**WHAT YOU ARE ASKED TO DO:**
All lines in the records below from the line with "Beware of fakes!" through the line with "Panelen van de" are to be given again exactly, both ends included; the pictures are to be left out.

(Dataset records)
Segment Open
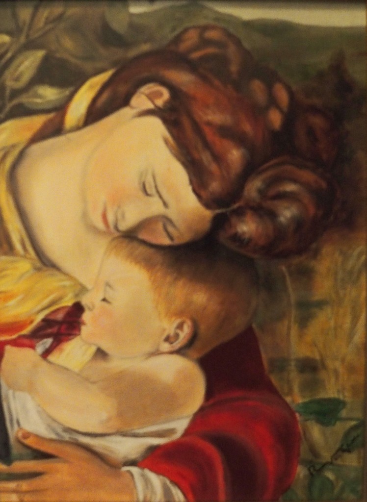 Een detail uit het schilderij van Caravaggio: " De rust tijdens de vlucht naar Egypte". Als grote bewonderaar van Caravaggio heb ik dit lieflijk tafereel geschilderd.
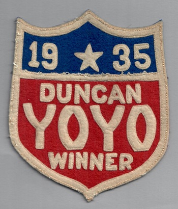 Beware of fakes! A highly questionable 1935 version exists that is noticably newer and poorer in stitching and overall vintage quality when compared to the version in this exhibit. The dubious 1935 version shows absolutely no aging whatsoever -- very suspect for an 85+ year old patch. Now compare the reverse side of the patch that you see in this exhibit with the reverse side of another questionable 1935 version. Clearly the two 1935 patches in the other exhibits are fake, so beware if you're a yo-yo patch collector.
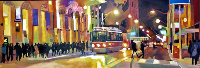 Layer 2. Queen and Yonge Rush Hour In December 2015. #TTC #Toronto #canadianart #oilpainting. One more layer to go.
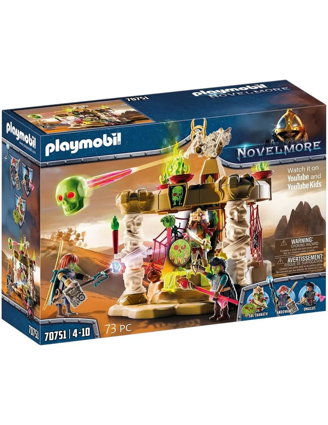 incluye función de inducción que hace que los ojos de las figuras brillen.El reluciente templo de Sal'ahari Sands es lo que los espeluznantesguerreros esqueléticos llaman hogar. Es aquí donde el ejército de nomuertos, liderado por el temible Skeleton King Sul'thanath, planea supróximo movimiento contra Novelmore.Como no muertos, no temen a nada ni a nadie. Si alguien se atreve aacercarse al templo, es recibido con balas de calavera del cañón de losesqueletos. Antes de cada batalla, los no muertos reponen su energía. Paraello, se colocan en el manantial mágico que hay en el centro del templo yesperan a que les cargue por completo y sus ojos empiecen a brillar. No sedebe jugar con estos siniestros guerreros del desierto. El set de juegocontiene el Skeleton King Sul'thanath, así como los dos aprendices de brujoOmagus y Andowan, un templo con módulo de luz, cañón esquelético, telasde araña, antorchas y muchos otros extras. La cabeza de las figuras estáequipada con un dispositivo de almacenamiento de energía que puedecargarse mediante la bobina de inducción del templo, lo que hace que losojos de las figuras brillen.
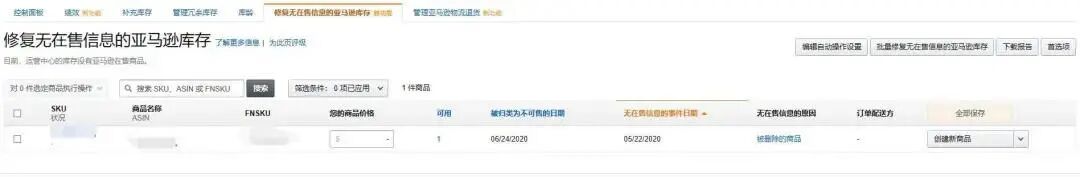 这些商品已经无法销售,最好的办法就是直接移除。卖家可通过以上链接访问“修复无在售信息的亚马逊库存”页面,根据页面中最右侧一列的提示进行操作即可。
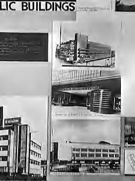 Panelen van de tenstoonstelling "Modern Dutch Architecture", 2e editie, opgezet door het Netherlands Information Bureau te New York. Ontwerp en teksten door P. Bromberg. Vergrotingen gemaakt door Superior Studios. Constructie van panelen etc, door Diorama Company
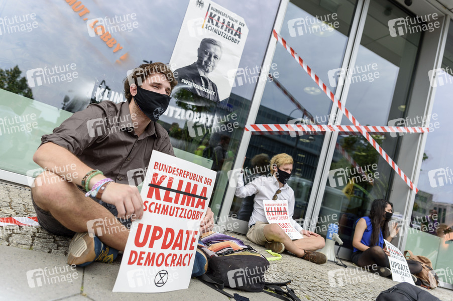 Umwelt-Aktivisten von Extinction Rebellion (XR) blockieren den Zugang zur CDU-Bundesgeschäftsstelle Konrad-Adenauer-Haus aus Protest gegen die klimaschädliche Politik der CDU. Vier Aktivisten haben sich an der Eingangstür zur Parteizentrale festgeklebt. Diese Aktion des zivilen Ungehorsams ist Teil der Aktionswoche gegen klimafeindliche Wirtschaftspolitik. Berlin, 18.06.2020
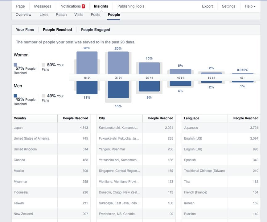 There are many things about Facebook that I don’t like or am concerned about (no decent search function, tracking of personal information of users, etc.) but, as the manager of this page, I’m glad to be able to see how it is being used. This screen shot shows demographic information about who has been looking at posts over the past month. I downloaded the statistics and found that about half of the people looking at the posts are not in Japan. I thought that was interesting because the posts are primarily intended to be useful for people who are here now or planning to come some. The statistics also indicate that about 40% of the people who see the posts (post reach) are native speakers of Japanese but that only a little more than 20% of the people who have “liked” the page are Japanese. I hope more Japanese people will participate actively in the future.
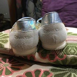 Calvin Klein blue hologram suede and plastic flats 5.5
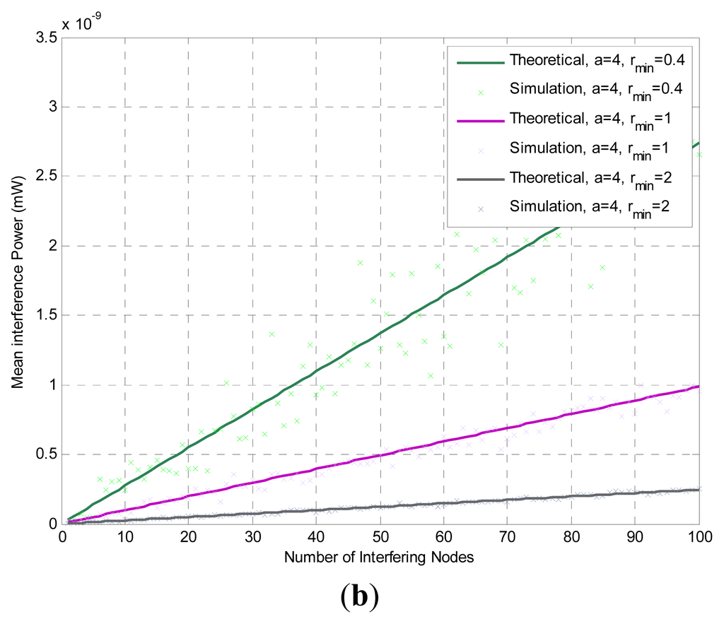 The results from the proposed theoretical model are in a very good agreement with the values of the mean interference levels obtained by simulations. Figure 5a shows the effect of the path loss exponent on interference and Figure 5b shows the effect of rmin (the distance around the receiver where a transmitter cannot be placed, i.e., the exclusion region). As expected a higher value for the path loss exponent results in lower levels of interference, and a larger rmin leads to lower interference.
Segment Closed
**RESPONSE TO THE TASK:**
 Beware of fakes! A highly questionable 1935 version exists that is noticably newer and poorer in stitching and overall vintage quality when compared to the version in this exhibit. The dubious 1935 version shows absolutely no aging whatsoever -- very suspect for an 85+ year old patch. Now compare the reverse side of the patch that you see in this exhibit with the reverse side of another questionable 1935 version. Clearly the two 1935 patches in the other exhibits are fake, so beware if you're a yo-yo patch collector.
 Layer 2. Queen and Yonge Rush Hour In December 2015. #TTC #Toronto #canadianart #oilpainting. One more layer to go.
 incluye función de inducción que hace que los ojos de las figuras brillen.El reluciente templo de Sal'ahari Sands es lo que los espeluznantesguerreros esqueléticos llaman hogar. Es aquí donde el ejército de nomuertos, liderado por el temible Skeleton King Sul'thanath, planea supróximo movimiento contra Novelmore.Como no muertos, no temen a nada ni a nadie. Si alguien se atreve aacercarse al templo, es recibido con balas de calavera del cañón de losesqueletos. Antes de cada batalla, los no muertos reponen su energía. Paraello, se colocan en el manantial mágico que hay en el centro del templo yesperan a que les cargue por completo y sus ojos empiecen a brillar. No sedebe jugar con estos siniestros guerreros del desierto. El set de juegocontiene el Skeleton King Sul'thanath, así como los dos aprendices de brujoOmagus y Andowan, un templo con módulo de luz, cañón esquelético, telasde araña, antorchas y muchos otros extras. La cabeza de las figuras estáequipada con un dispositivo de almacenamiento de energía que puedecargarse mediante la bobina de inducción del templo, lo que hace que losojos de las figuras brillen.
 这些商品已经无法销售,最好的办法就是直接移除。卖家可通过以上链接访问“修复无在售信息的亚马逊库存”页面,根据页面中最右侧一列的提示进行操作即可。
 Panelen van de tenstoonstelling "Modern Dutch Architecture", 2e editie, opgezet door het Netherlands Information Bureau te New York. Ontwerp en teksten door P. Bromberg. Vergrotingen gemaakt door Superior Studios. Constructie van panelen etc, door Diorama Company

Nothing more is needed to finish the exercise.